[TASK STATEMENT]
For the entries that follow, retype exactly the lines from the one containing "Spécification: Multivitamines et" to the one containing "設営したのは電源有りの広々サイト。GWだというのに両隣は空いてました。", inclusive, and only those. Images stay out of the copy.

[INPUT MATERIAL]
══════════
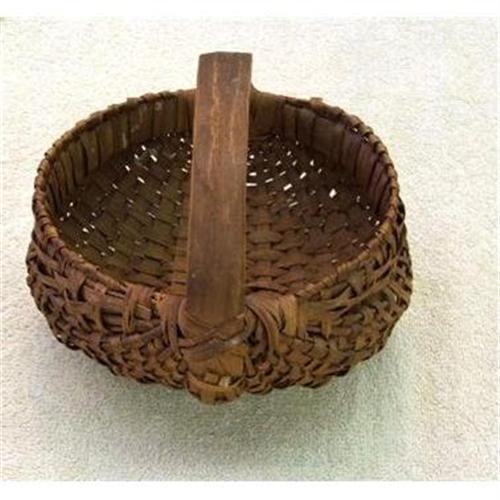This is a small antique buttocks or melon basket . It is about 5" to the top of the handle, about 7" long and 6 1/2" deep. On one side where the handle meets the basket there are some pieces missing (see Pictures). Otherwise it is in excellent condition. The handle appears to be one piece and goes all the way around to the bottom. I am not an expert on these old baskets as I rarely ever get them. Please feel free to ask me questions and I will do the best I can to answer you.
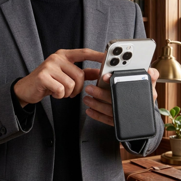 This magnetic wallet stand blends everyday convenience with modern style. Snap it onto the back of your iPhone using MagSafe-compatible tech, and you’re good to go — carry your cards, ID, or some cash without the bulk. It’s more than just a wallet — it also works as a sturdy phone stand, perfect for watching videos, browsing, or taking video calls hands-free in both portrait and landscape
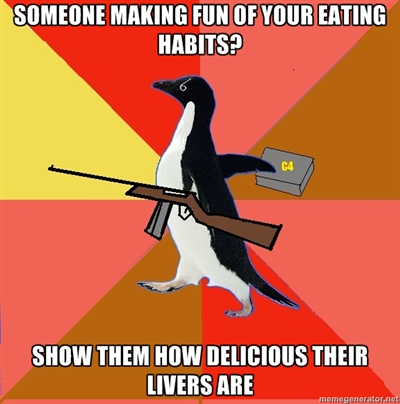 Last night I had a similiar conversation with someone who’s family insists on making negative comments about this individual’s diet (BTW, this person is in great shape and diet is a big part of that shape). I responded with an e-mail:
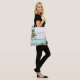 Monogrammed Tropical Palm Tree Leaves Blue Beach Tote Bag
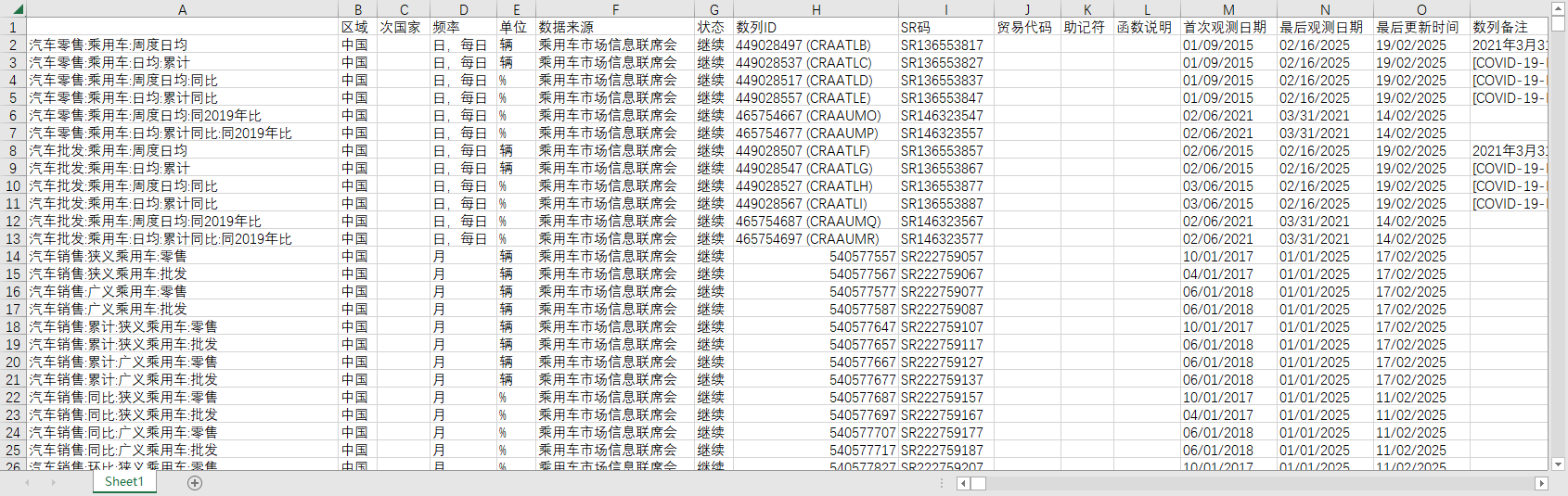中国全国汽车销售量销量乘用车批发零售2015-202501周度数据轿车MPVSUV
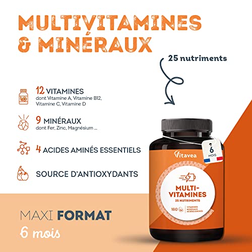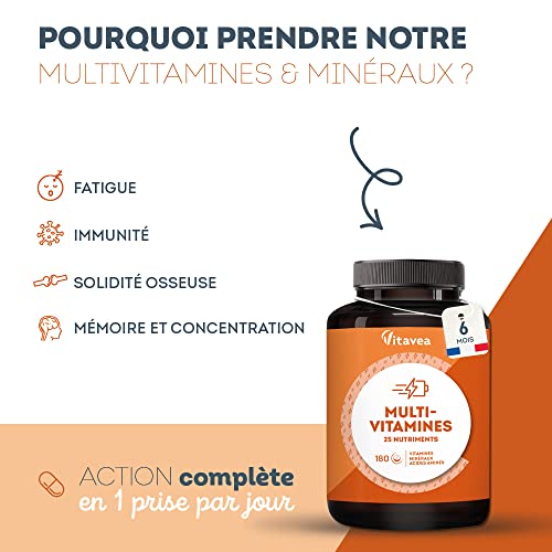 Spécification: Multivitamines et Minéraux | 25 nutriments dont Vitamine A B C D E, Zinc et Fer | 180 comprimés | Immunité, Fatigue, Cheveux, Peau | Multivitamines Homme et Femme | Fabriqué en France | Vitavea
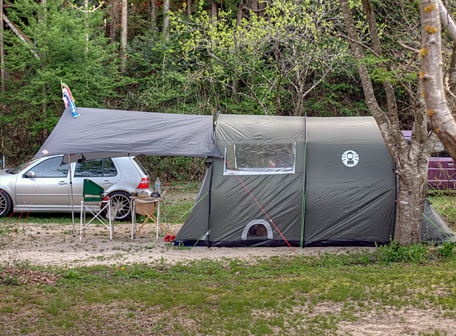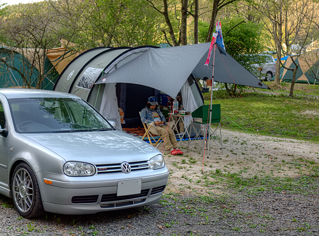 設営したのは電源有りの広々サイト。GWだというのに両隣は空いてました。
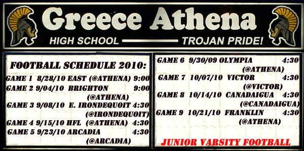 Info:We are beginning a new era of Greece Athena Trojans Football. Having been through this with my older son (Class of 2002), let me say these will be fun times. As many of you know me from Greece Chargers youth football, I take pictures. Lots of them. About 200-400 or more per game. You will see the images on this site. I will also post information fed to me via our (your) coaches. Keep in mind, This is J.V. only. I do not have the badwidth to cover all grades. Good luck to the class of 2011 Varsity players, see www.greeceathenafootball.com for varsity info until next year. This will be your last year, enjoy the final chapter in Greece Athena Football...Keep in mind, For other great sites, check out www.greecethunder.com. You can see many of your teammates playing Lacrosse!
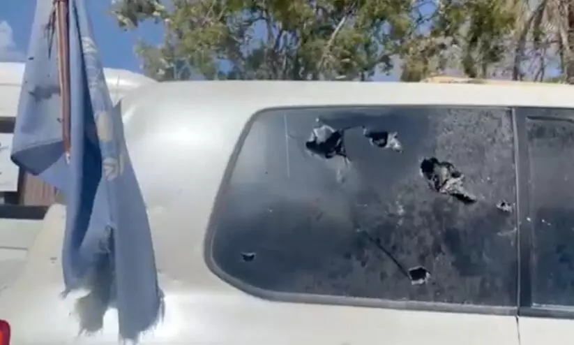 text_fieldsറഫയിൽ ഇസ്രായേൽ സൈന്യത്തിന്റെ ആക്രമണത്തിൽ തകർന്ന യു.എൻ വാഹനം (Screengrab / Al Jazeera)
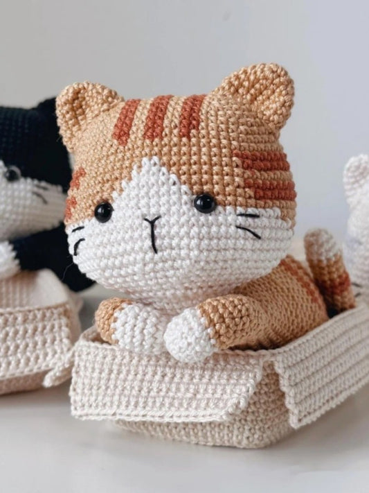 Cat in Box Crochet Material Kit with Tools and Tutorial Included
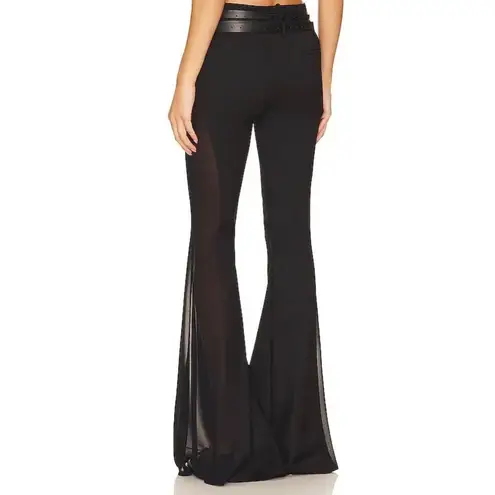 1st fabric: 64% polyester 33% viscose 3% elastane 2nd: 100% viscose belt cattle leather particulars metallic fiber. Made in Italy. Wash the 2 garments separately on reverse. Zip fly with hook and bar closure. Attached waist belt with buckle closure. 3-pocket design. Sheer paneling at side. AREC-WP5. 1R5230. R23-192
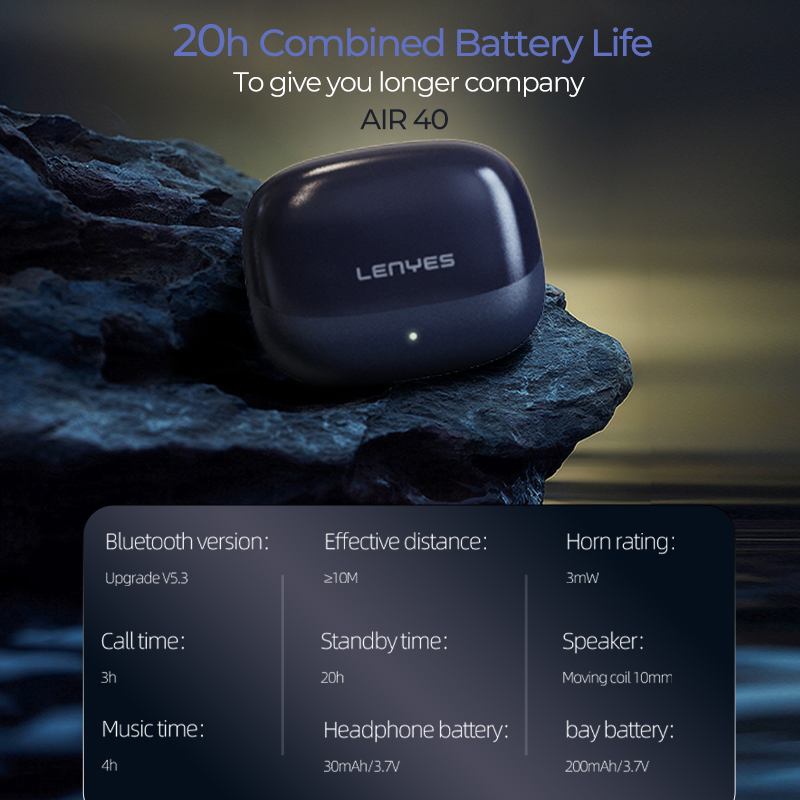 Experience uninterrupted music and calls with up to 20 hours of playtime on a single charge, thanks to the powerful 30 mAh battery in each earbud. Equipped with Bluetooth v5.3 for seamless connectivity and a sensitivity of 90 dB, these earbuds deliver clear, high-quality sound in a sleek black or white design. Discover how the Lenyes Air 40 TWS can elevate your audio experience with reliable performance and comfort.
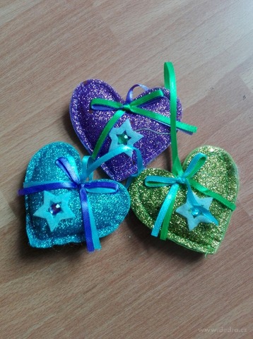 3 ks závěsná třpytivá textilní dekorace, celková délka cca 15 cm (včetně stuhy).
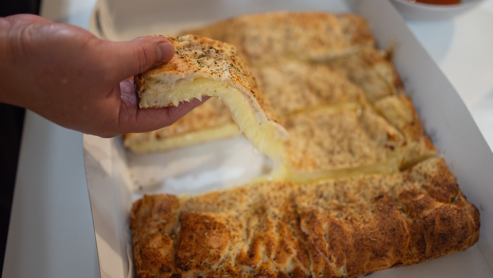 A pan-fried Sicilian also comes sliced into squares, but this time you buy the cuts individually. The Sicilian looks different, too. The dough is proofed and pressed before being brushed with tomato sauce and baked in a pool of peanut oil, creating a glistening, golden texture. Wisconsin white cheddar cheese is sprinkled on top, making for a crunchy delicacy with an airy center that’s akin to a particularly crispy focaccia.
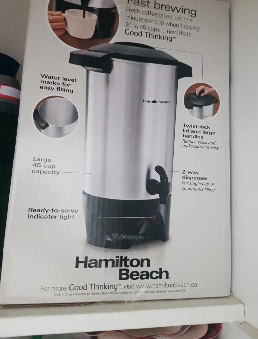 Selling a Hamilton Beach coffee urn with a large 45-cup capacity! It features water level marks for easy filling and a ready-to-serve indicator light. The twist-lock lid and large handles reduce spills and make carrying easy. It also has a 2-way dispenser for single cup or continuous filling.
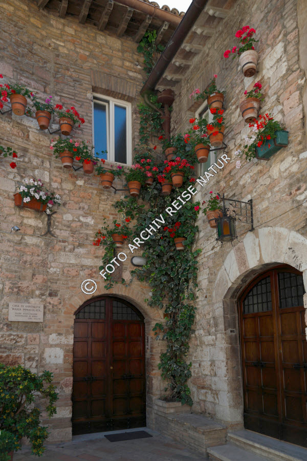 Altstadt, Assisi, Blume, Blumenschmuck, Blumentopf, Efeu, Hedera helix, Flora, Gebäudeteil, Geranie, Hauseingang, Italien, Kletterpflanze, Kulturlandschaft, Stadt, Storchschnabelgewächs, Tür, Umbrien,
══════════
[TASK SOLUTION]
 Spécification: Multivitamines et Minéraux | 25 nutriments dont Vitamine A B C D E, Zinc et Fer | 180 comprimés | Immunité, Fatigue, Cheveux, Peau | Multivitamines Homme et Femme | Fabriqué en France | Vitavea
 設営したのは電源有りの広々サイト。GWだというのに両隣は空いてました。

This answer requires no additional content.